• [What you need to do]
Retype exactly the span of lines below from the one with "平台利用GIS技术提供地理服" through the one with "線対称な図形の性質を調べまし". Do not include pictures.

• [Extracted information]
========================

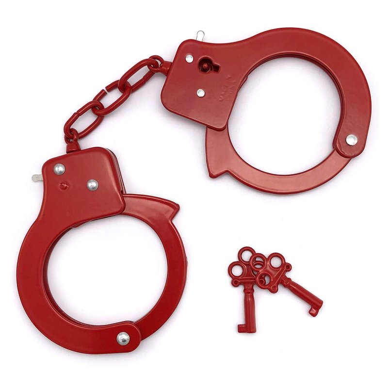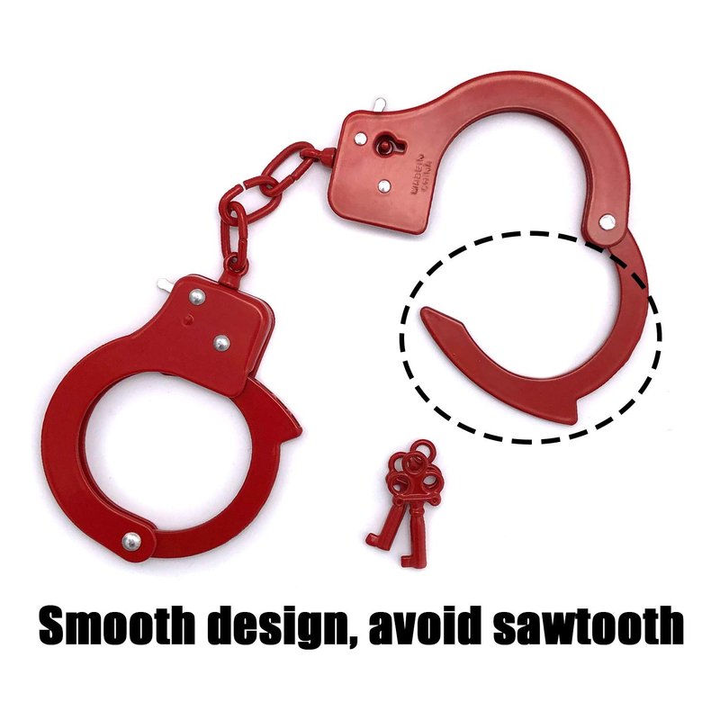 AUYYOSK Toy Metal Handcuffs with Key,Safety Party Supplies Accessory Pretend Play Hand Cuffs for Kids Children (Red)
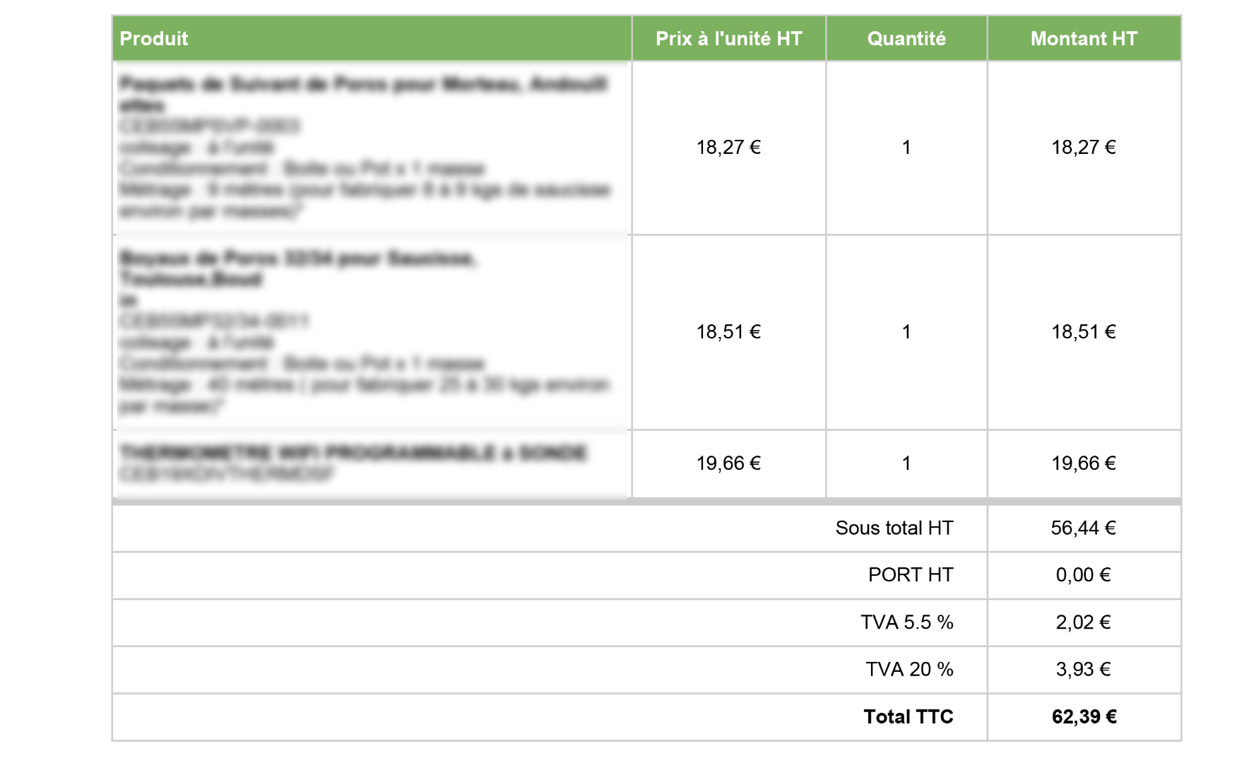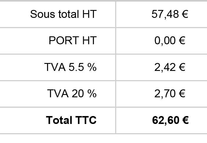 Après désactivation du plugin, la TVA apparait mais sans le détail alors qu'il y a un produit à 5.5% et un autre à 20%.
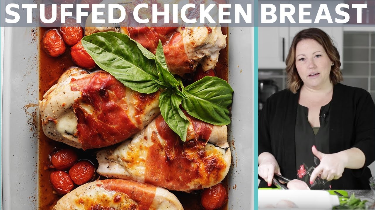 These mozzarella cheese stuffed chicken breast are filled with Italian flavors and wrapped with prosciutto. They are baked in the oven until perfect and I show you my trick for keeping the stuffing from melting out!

========================

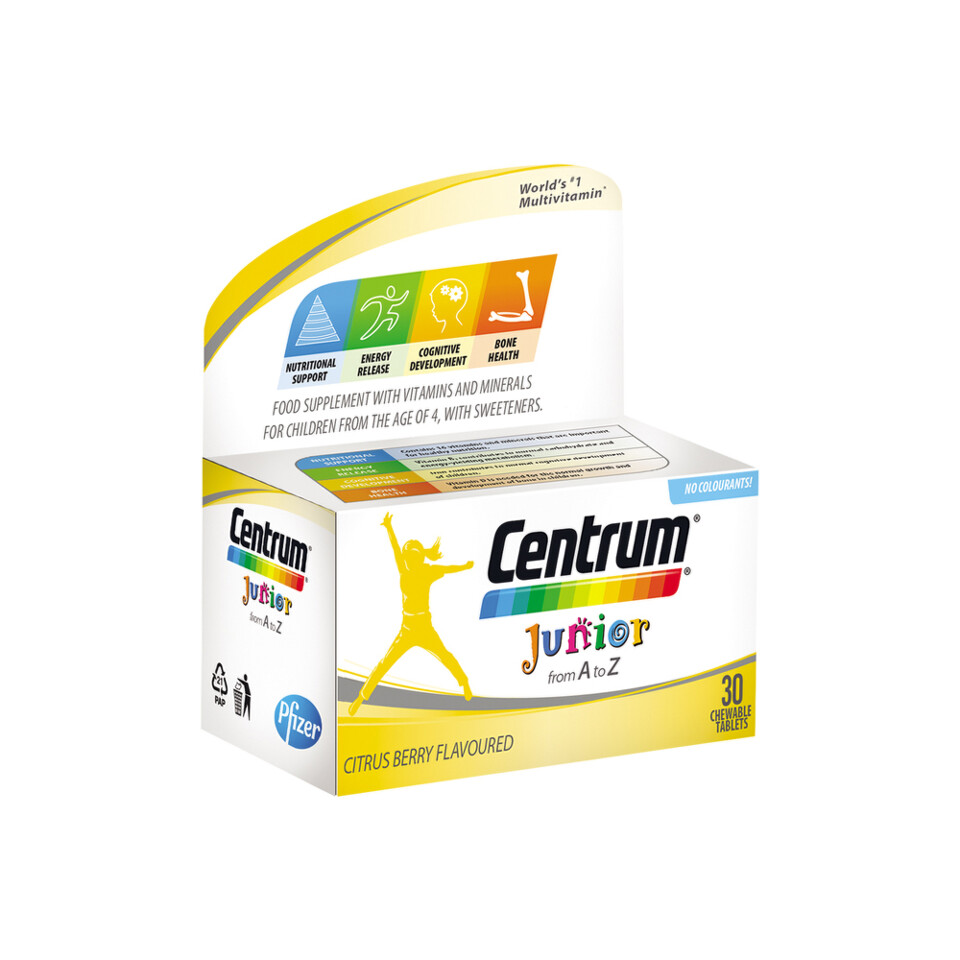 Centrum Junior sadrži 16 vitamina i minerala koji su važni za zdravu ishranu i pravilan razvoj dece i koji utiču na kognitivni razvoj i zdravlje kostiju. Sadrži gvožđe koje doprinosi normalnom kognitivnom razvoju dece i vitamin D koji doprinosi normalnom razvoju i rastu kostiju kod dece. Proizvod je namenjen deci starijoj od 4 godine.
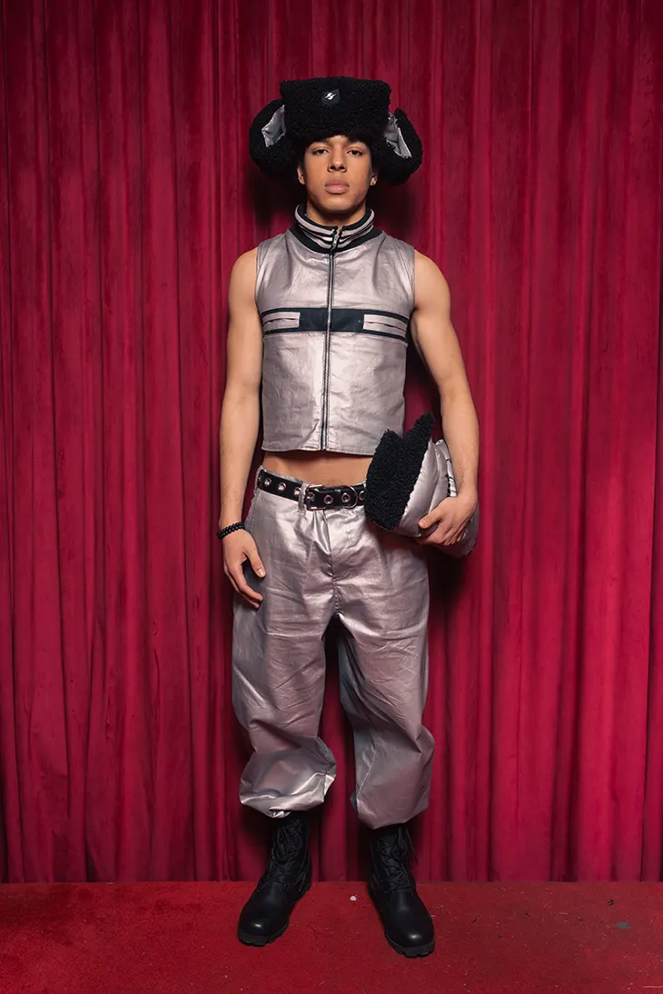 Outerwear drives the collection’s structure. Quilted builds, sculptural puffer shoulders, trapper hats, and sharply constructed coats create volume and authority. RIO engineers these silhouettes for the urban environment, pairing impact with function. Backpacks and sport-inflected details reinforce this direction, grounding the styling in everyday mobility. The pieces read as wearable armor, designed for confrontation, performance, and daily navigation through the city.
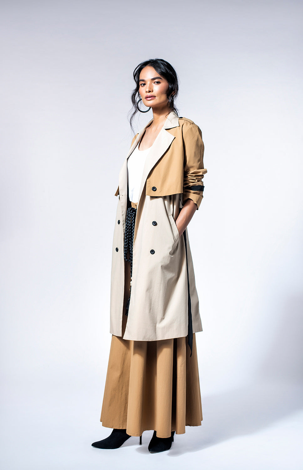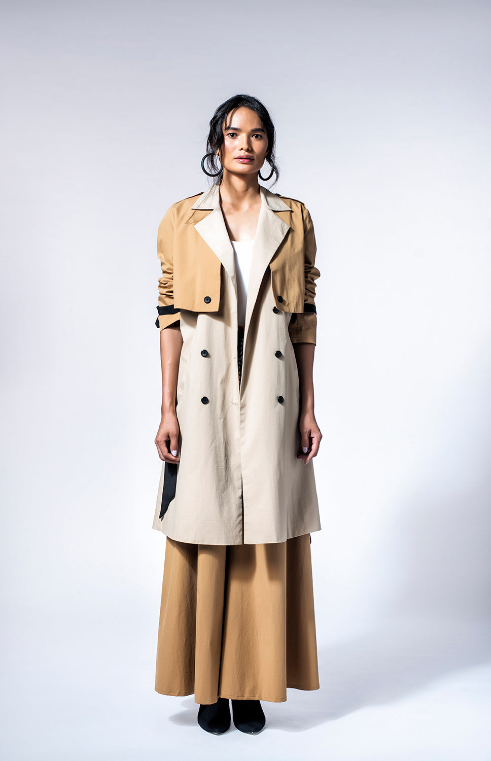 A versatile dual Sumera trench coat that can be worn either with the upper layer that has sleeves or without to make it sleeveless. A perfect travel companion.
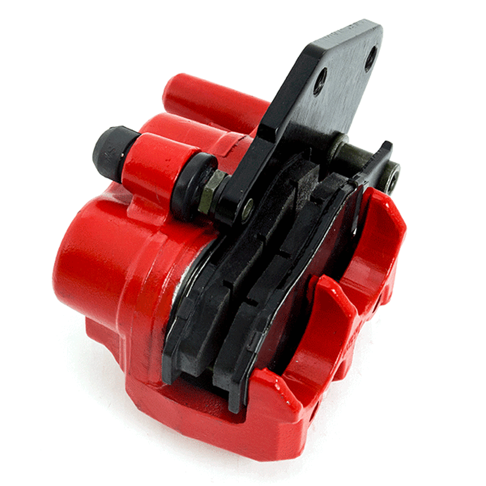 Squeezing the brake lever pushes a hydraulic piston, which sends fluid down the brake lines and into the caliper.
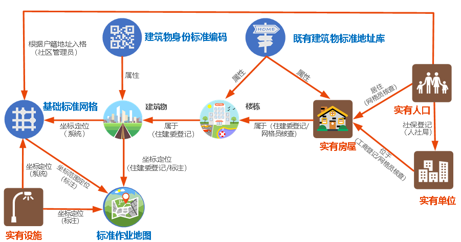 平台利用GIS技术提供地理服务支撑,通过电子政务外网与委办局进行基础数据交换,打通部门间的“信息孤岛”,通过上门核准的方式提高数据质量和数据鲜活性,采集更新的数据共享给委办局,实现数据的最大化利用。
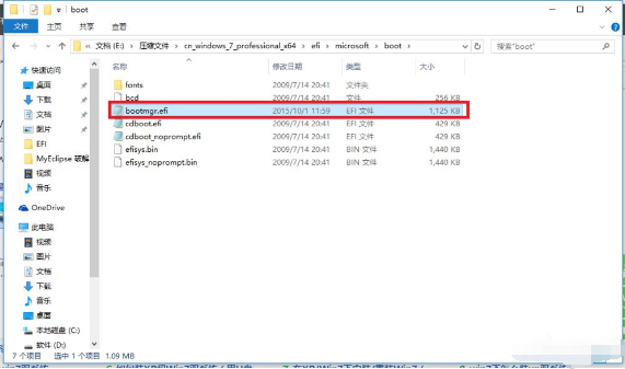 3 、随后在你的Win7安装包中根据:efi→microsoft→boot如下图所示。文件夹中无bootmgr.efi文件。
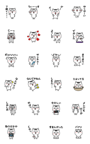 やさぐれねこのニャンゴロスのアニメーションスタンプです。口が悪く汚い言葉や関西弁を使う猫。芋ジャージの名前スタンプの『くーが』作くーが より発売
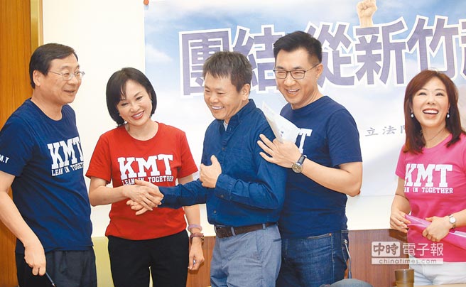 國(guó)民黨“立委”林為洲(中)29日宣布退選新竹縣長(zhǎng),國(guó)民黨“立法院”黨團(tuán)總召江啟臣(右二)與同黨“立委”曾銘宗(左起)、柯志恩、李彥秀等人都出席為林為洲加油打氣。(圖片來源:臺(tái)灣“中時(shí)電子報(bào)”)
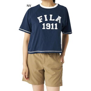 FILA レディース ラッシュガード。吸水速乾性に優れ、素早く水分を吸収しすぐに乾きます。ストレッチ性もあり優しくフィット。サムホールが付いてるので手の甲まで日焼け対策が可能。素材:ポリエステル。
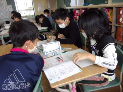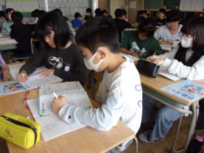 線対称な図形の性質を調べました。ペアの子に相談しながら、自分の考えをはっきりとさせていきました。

========================

• [Response to the exercise]
 平台利用GIS技术提供地理服务支撑,通过电子政务外网与委办局进行基础数据交换,打通部门间的“信息孤岛”,通过上门核准的方式提高数据质量和数据鲜活性,采集更新的数据共享给委办局,实现数据的最大化利用。
 3 、随后在你的Win7安装包中根据:efi→microsoft→boot如下图所示。文件夹中无bootmgr.efi文件。
 やさぐれねこのニャンゴロスのアニメーションスタンプです。口が悪く汚い言葉や関西弁を使う猫。芋ジャージの名前スタンプの『くーが』作くーが より発売
 國(guó)民黨“立委”林為洲(中)29日宣布退選新竹縣長(zhǎng),國(guó)民黨“立法院”黨團(tuán)總召江啟臣(右二)與同黨“立委”曾銘宗(左起)、柯志恩、李彥秀等人都出席為林為洲加油打氣。(圖片來源:臺(tái)灣“中時(shí)電子報(bào)”)
 FILA レディース ラッシュガード。吸水速乾性に優れ、素早く水分を吸収しすぐに乾きます。ストレッチ性もあり優しくフィット。サムホールが付いてるので手の甲まで日焼け対策が可能。素材:ポリエステル。
 線対称な図形の性質を調べました。ペアの子に相談しながら、自分の考えをはっきりとさせていきました。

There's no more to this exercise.